Ik zal hem, zijn nageslacht en zijn dienaren straffen om hun ongerechtigheid....... Zij zullen het oordeel ondergaan waarover God door de mond van Jeremia gesproken heeft en zoals het vlak voor de koning en zijn dienaren uitgesproken is. Zo straft de HEERE Jojakim, zijn nakomelingen en dienaren. Maar ze hebben niet gewild. Zo hebben ze hun minachting voor God laten zien.
Jeremia 36:32 Toen nam Jeremia een andere rol en gaf die aan de schrijver Baruch, de zoon van Neria. Deze schreef daarop uit de mond van Jeremia al de woorden van de boekrol, die Jojakim, de koning van Juda, in het vuur had verbrand. Nog vele woorden als deze werden eraan toegevoegd.
In vers 32 staat dat Baruch opnieuw alles opschrijft wat in de vorige boekrol stond, met nog vele woorden daarbij. We mogen aannemen dat ons boek Jeremia voor het grootste deel aan dit werk van Jeremia en Baruch te danken is. God heeft zijn Woord niet verloren laten gaan. Maar hij die Gods Woord wilde verbranden, is zelf te gronde gegaan. En dat is een ernstige les.

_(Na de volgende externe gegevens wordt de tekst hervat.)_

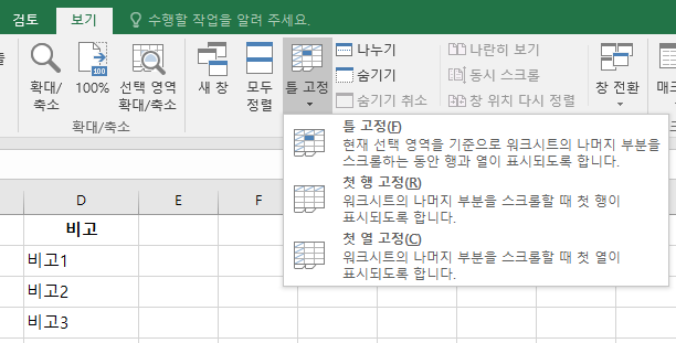 틀 고정, 첫 행 고정, 첫 열 고정 세 가지가 있다.
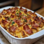 A delicious and hearty breakfast casserole featuring everything bagels, cheddar cheese, and crispy bacon, perfect for starting your day.

Tussen de hoofdstukken Jeremia 35 en Jeremia 36 is er sprake van een duidelijk contrast. Dat geldt niet alleen voor het gedrag van de Rechabieten (gehoorzaamheid) en van de Judeeërs en Jojakim (ongehoorzaamheid), maar het geldt ook voor de toekomst die de Rechabieten en Jojakim aangezegd krijgen. Terwijl Jojakim ‘niemand zal hebben die op de troon van David zit, wordt Jonadab beloofd dat hem ‘niet (zal) worden afgesneden een man, die voor Mijn aangezicht sta, al de dagen’ (Jer. 35:19)
De Judeeërs worden gestraft (Jer.26:31, de Rechabieten gezegend (Jer.35:18,19).